Une politique de la langue. La Révolution française et les patois : l'enquête de Grégoire

Michel de Certeau, Dominique Julia et Jacques Revel, Gallimard, rééd. 2002, 472 p., 9 €.

Voici une occasion de prendre la mesure de ce que peut apporter le livre de poche : mettre à la portée de tous les porte-monnaie une oeuvre singulière, érudite et forte. Il s'agit dans le cas présent de la réédition d'un ouvrage de cet inclassable que fut Michel de Certeau, disparu il y a dix-sept ans, et qui publiait en 1975 Une politique de la langue, avec Dominique Julia et Jacques Revel (qui signent ici une postface inédite).
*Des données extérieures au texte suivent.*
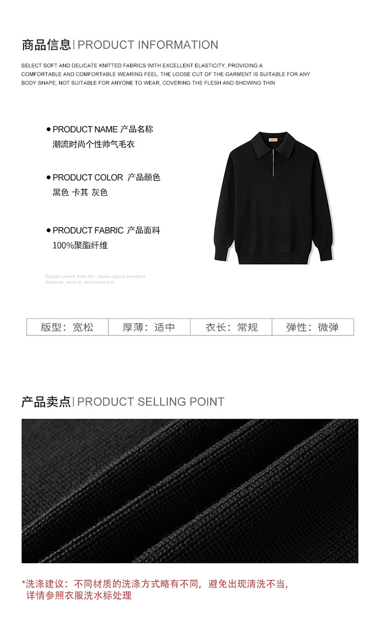 24 폴로 하프 Zip 남자의 가을과 겨울 풀오버 니트웨어 일본 스타일 유행 간단한 캐주얼 남성 스웨터 클래식 남성복스토어 가기

Le 16 prairial an II (1794), est présenté à la Convention le Rapport sur la nécessité et les moyens d'anéantir les patois et d'universaliser l'usage de la langue française, rédigé par l'abbé Grégoire. On y lit notamment : « On peut uniformiser le langage d'une grande nation, de manière que tous les citoyens qui la composent puissent sans obstacle se communiquer leurs pensées. Cette entreprise, qui ne fut pleinement exécutée chez aucun peuple, est digne du peuple français. » Ce texte s'inscrit dans une politique, fortement encouragée à la Révolution, qui vise à faire du français la langue de tous les Français. Même si la langue officielle est fixée depuis 1539, et même s'il faut attendre les grandes lois scolaires de la IIIe République pour qu'aboutisse le programme d'éradication des dialectes, c'est bien à la Révolution qu'une politique offensive de la langue est affirmée.